Instructions to follow:
Print exactly the lines below between the line holding "我司接待人員于火車站接到客戶" and the line holding "Nabízíme k pronájmu", inclusive, and nothing more.

Source data:

▼

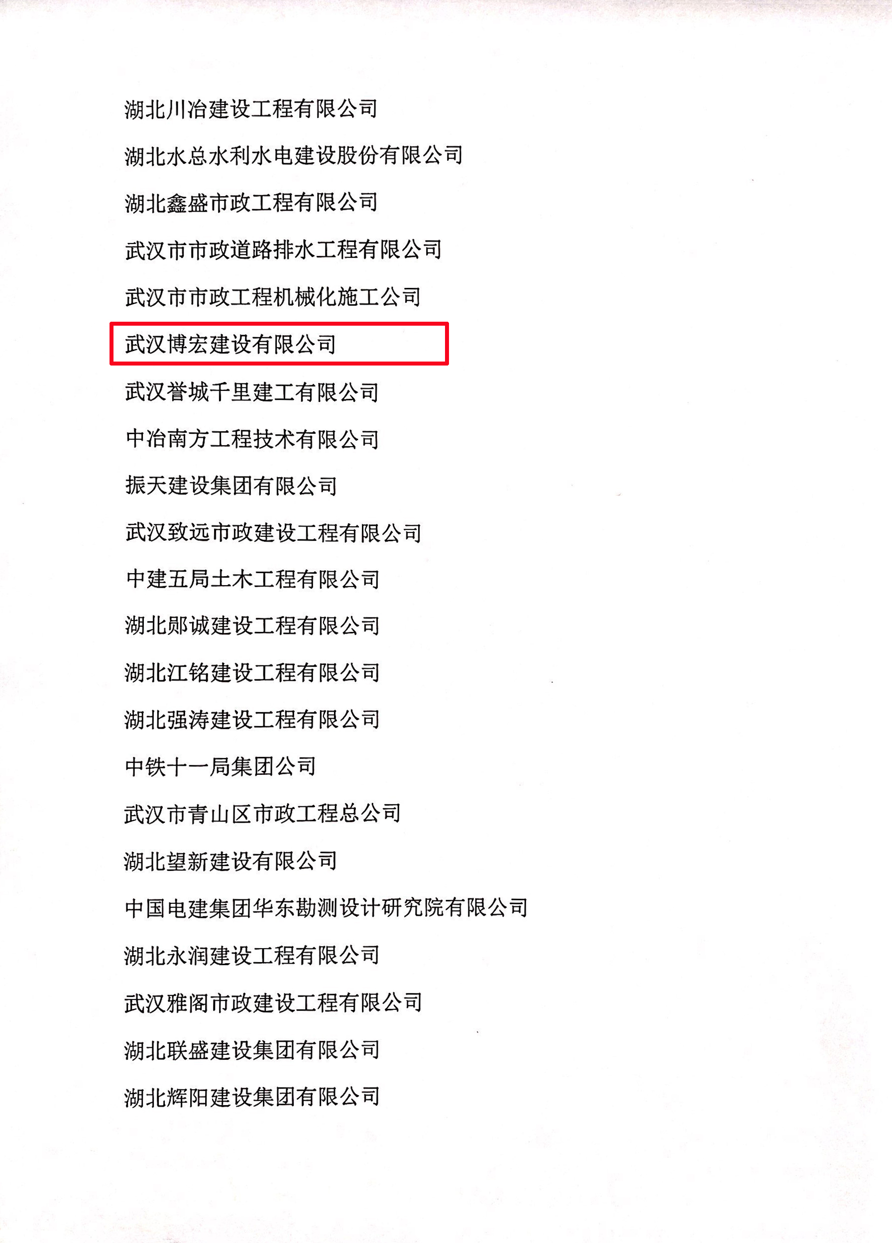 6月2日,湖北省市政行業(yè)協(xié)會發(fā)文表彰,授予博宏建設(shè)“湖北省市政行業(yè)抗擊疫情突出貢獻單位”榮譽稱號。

▲
▼

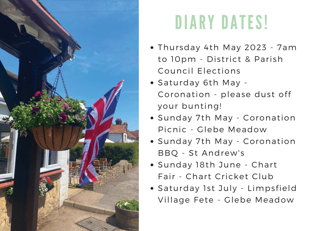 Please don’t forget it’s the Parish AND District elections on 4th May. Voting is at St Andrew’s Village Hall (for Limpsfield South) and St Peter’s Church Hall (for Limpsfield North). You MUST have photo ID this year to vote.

▲
▼

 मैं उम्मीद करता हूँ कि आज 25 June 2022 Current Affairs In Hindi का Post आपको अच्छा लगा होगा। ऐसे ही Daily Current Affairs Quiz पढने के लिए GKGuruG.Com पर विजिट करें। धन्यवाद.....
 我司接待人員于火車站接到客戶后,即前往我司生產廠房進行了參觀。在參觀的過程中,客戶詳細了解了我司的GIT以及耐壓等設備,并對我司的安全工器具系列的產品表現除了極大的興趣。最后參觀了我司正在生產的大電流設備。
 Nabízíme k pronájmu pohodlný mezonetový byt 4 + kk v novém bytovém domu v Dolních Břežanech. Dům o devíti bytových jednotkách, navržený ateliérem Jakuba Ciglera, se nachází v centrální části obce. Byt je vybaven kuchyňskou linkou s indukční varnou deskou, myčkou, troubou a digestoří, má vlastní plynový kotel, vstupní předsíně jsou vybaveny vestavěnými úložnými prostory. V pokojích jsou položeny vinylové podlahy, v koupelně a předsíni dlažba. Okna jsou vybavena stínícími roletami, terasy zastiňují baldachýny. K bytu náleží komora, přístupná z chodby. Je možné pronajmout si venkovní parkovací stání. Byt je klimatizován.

▲

Completed task:
 我司接待人員于火車站接到客戶后,即前往我司生產廠房進行了參觀。在參觀的過程中,客戶詳細了解了我司的GIT以及耐壓等設備,并對我司的安全工器具系列的產品表現除了極大的興趣。最后參觀了我司正在生產的大電流設備。
 Nabízíme k pronájmu pohodlný mezonetový byt 4 + kk v novém bytovém domu v Dolních Břežanech. Dům o devíti bytových jednotkách, navržený ateliérem Jakuba Ciglera, se nachází v centrální části obce. Byt je vybaven kuchyňskou linkou s indukční varnou deskou, myčkou, troubou a digestoří, má vlastní plynový kotel, vstupní předsíně jsou vybaveny vestavěnými úložnými prostory. V pokojích jsou položeny vinylové podlahy, v koupelně a předsíni dlažba. Okna jsou vybavena stínícími roletami, terasy zastiňují baldachýny. K bytu náleží komora, přístupná z chodby. Je možné pronajmout si venkovní parkovací stání. Byt je klimatizován.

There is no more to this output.